声のする方に歩いていくと、向かいの家の庭先で数人の子供達が楽しそうに笑いながら遊んでいた。
それまで、ほとんど父と乳母としか話したことのなかった彼は、初めて見る自分と年の近い子供の存在に嬉しくなり、思わず声をかけた。
「ね、ねぇ!もし良かったら僕も仲間に入れてくれないかな?」
すると、それまで楽しそうに遊んでいた子供達が、彼の顔を見た途端、皆一様に黙り込んでしまった。

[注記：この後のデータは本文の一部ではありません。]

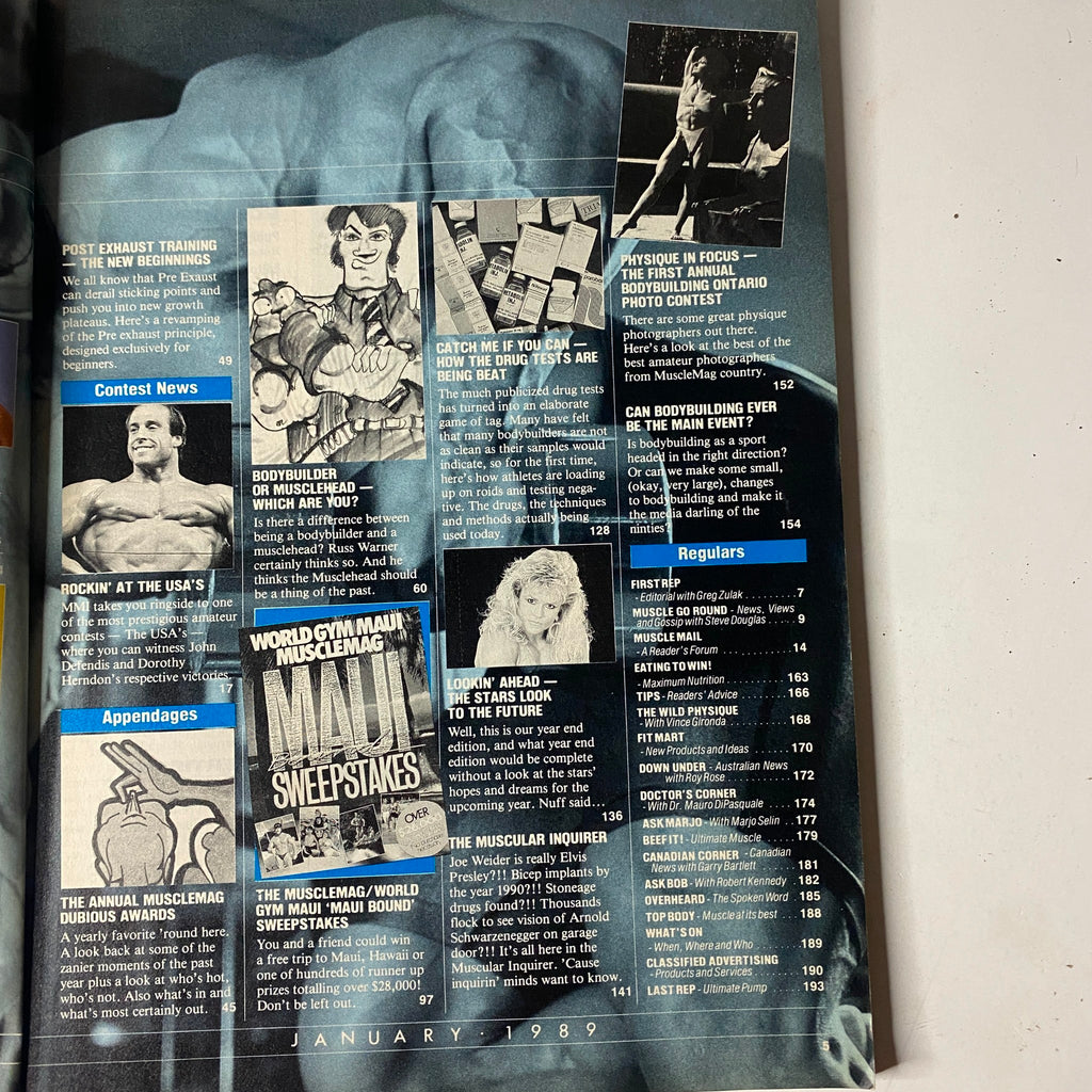 This December 1988 issue of MuscleMag International features Gary Strydom and Cameo Kneuer. A classic collectible from the late 1980s, it offers a mix of editorial commentary, training advice, nutrition strategies, industry news, and bodybuilding insights from some of the sport’s most iconic figures.

あれ?と思いながら返答を待っていると、子供達の中で一番背の高かった少年がジッと彼を見下ろしながら答える。
「……やだね」
「え、な、なんで……?」
ポカンとする彼に、少年は顔を歪めて更にこういった。
だってお前の顔、本に出てきたバケモノの顔にそっくりだから、と。
幼いながらも自分の容姿があまり褒められたものではないということはなんとなく理解っていた。だが、面と向かって言われた「バケモノ」という言葉は、幼い彼の心を大いに抉った。
それから彼は子供達の声がしても外に遊びに行こうとはしなくなり、家の中で一人で絵を描いて過ごすようになった。

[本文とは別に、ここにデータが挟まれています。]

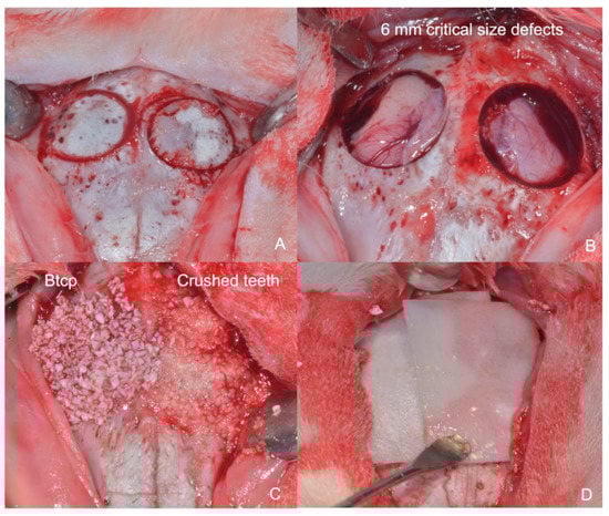 (A): Trephine critical cylindrical defects in both parietal bones; (B): 6 mm critical-size defects; (C): BTCP was placed on the right side and human sterilized crushed teeth was placed on the left side; (D): collagen membrane covering both biomaterials used in the study.

絵を描くということは、最初のうちはただの一人遊びのうちの一つに過ぎなかった。だがある日、テオドルスの似顔絵を描いてみせると、いつも疲れた顔をしていたテオドルスが、嬉しそうに笑って彼の頭を優しく撫でてくれたのだった。
たったそれだけのことが、彼にとってはとても嬉しく思え、彼は朝から晩まで何かに取りつかれたように絵を描くようになった。

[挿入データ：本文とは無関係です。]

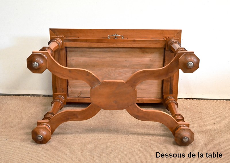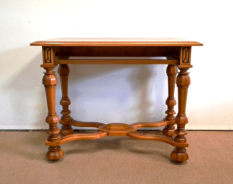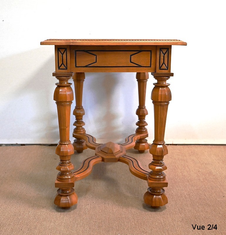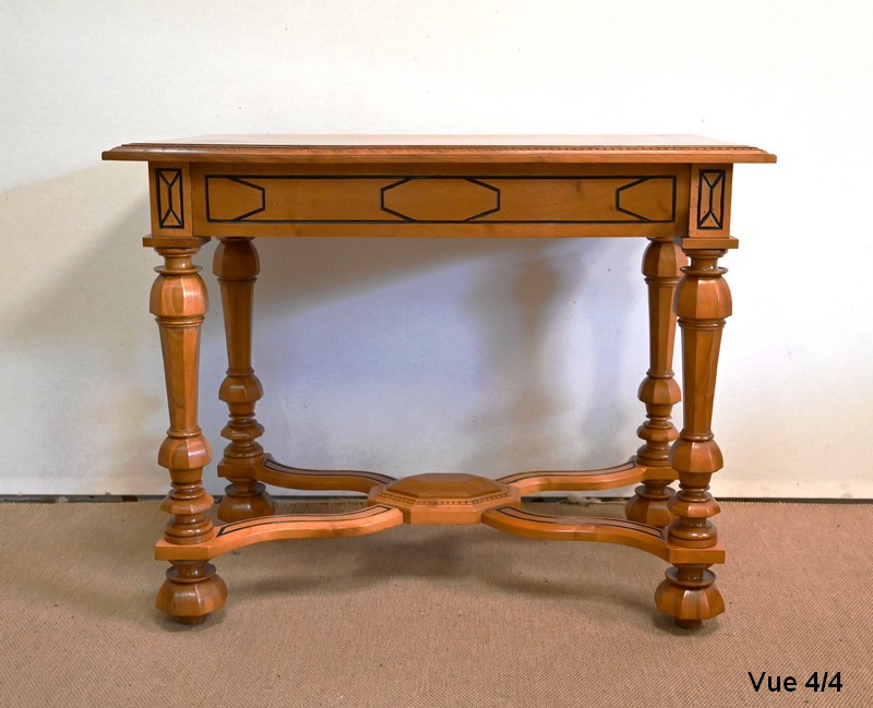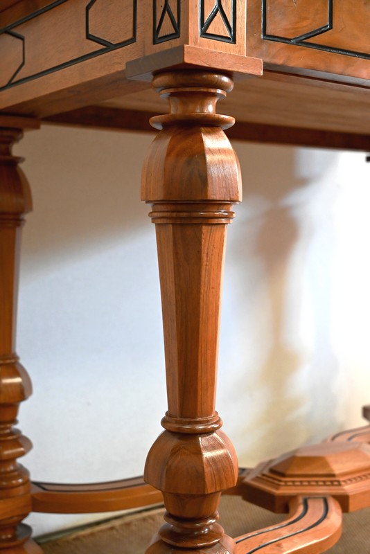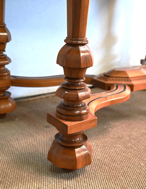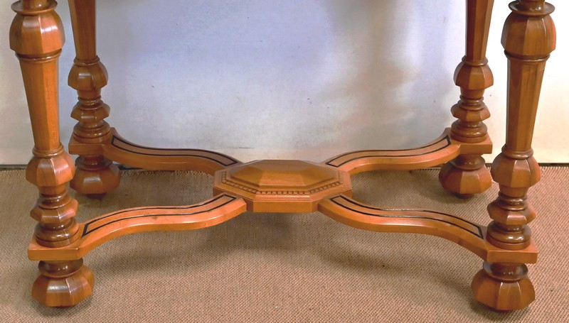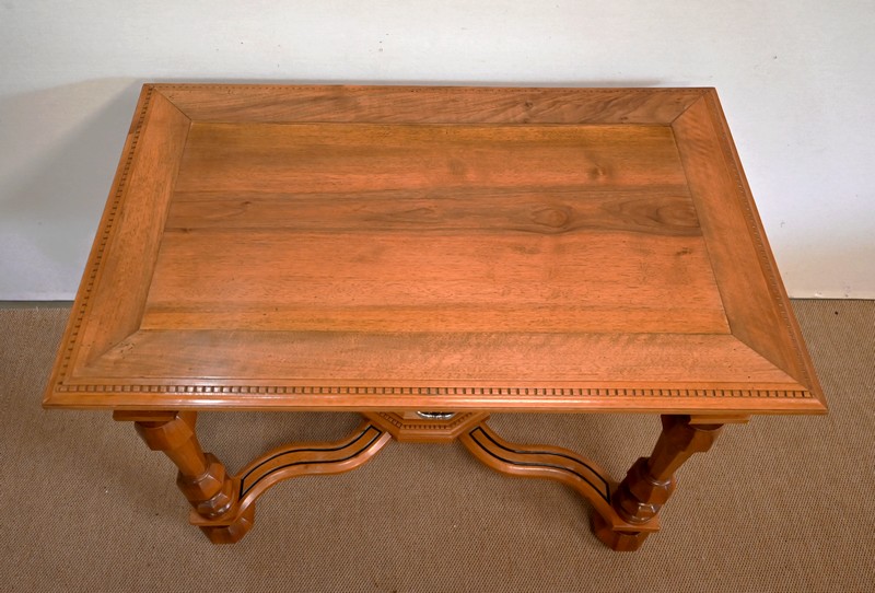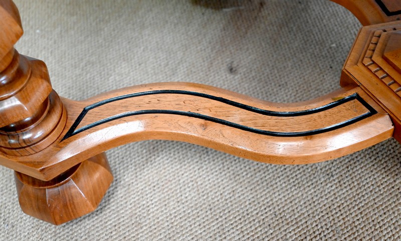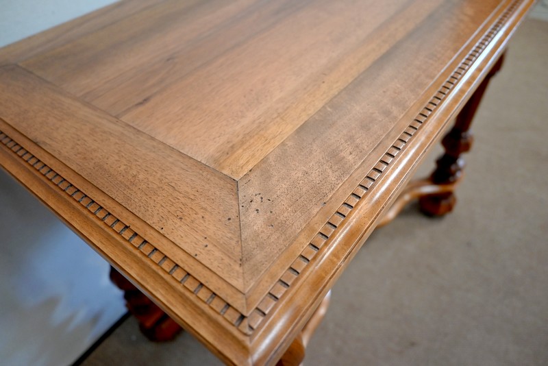 Cette table en noyer massif offre un dessus à encadrement à coupe d’onglet composé d’une seule planche en son centre. Son pourtour est mouluré et sculpté de petits motifs.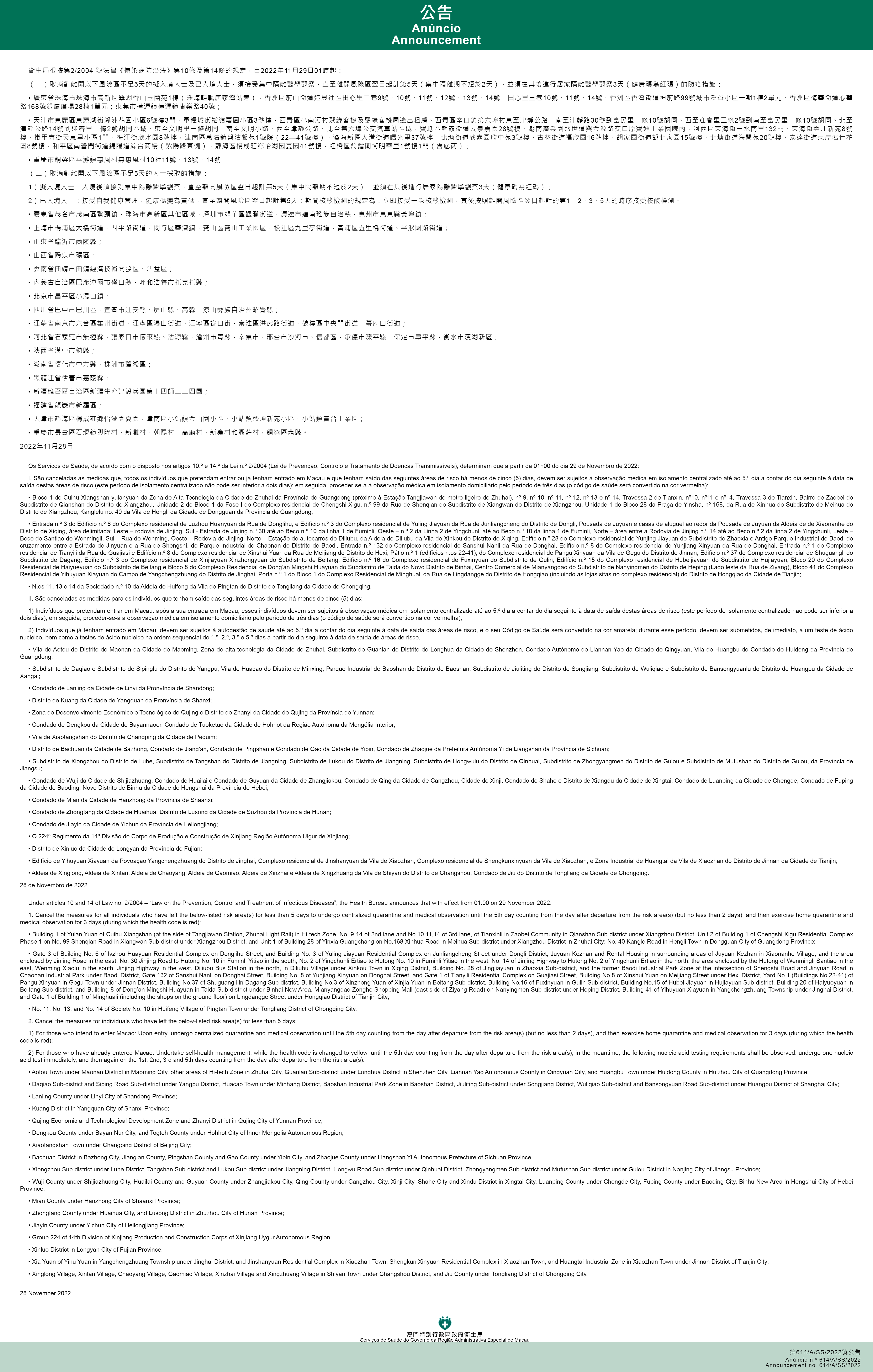 新型冠狀病毒感染應變協調中心(下稱應變協調中心)宣佈,因應內地的疫情變化,衛生局根據第2/2004號法律《傳染病防治法》第10條和第14條的規定,自2022年11月29日凌晨1時起,新增或取消對曾到內地相關區域人士的防疫措施:

そして、彼が十一歳になったとある夜のこと。真夜中にふと強い喉の渇きを覚えて目を覚ました彼は、水を求めてベットを降りた。廊下に出ると、母ラーラの部屋のドアの隙間から僅かに光が漏れていることに気がつき、足音を立てないようゆっくりドアに近付く。
そっと中を覗き込むと、そこには母のベットに腰掛けて項垂れている父の姿があった。
「……ラーラ」
母の名を呼ぶ父の声は、酷く震えていた。
「ラーラ、ラーラ。私の愛しいラーラ」
父はラーラの写真が入った古いペンダントを握りしめ、何度も何度も彼女の名を呼んでいる。
「……君に会いたいよ」
それは、テオドルスの心からの叫びだった。
「本当なら、君を失った時点で私がこの世界で生きていく理由なんてない。けれど、私にはあの子がいる」
あの子、とは間違いなく自分のことだ。父が心底愛した母と同じ目と髪を持って生まれた自分のことだ。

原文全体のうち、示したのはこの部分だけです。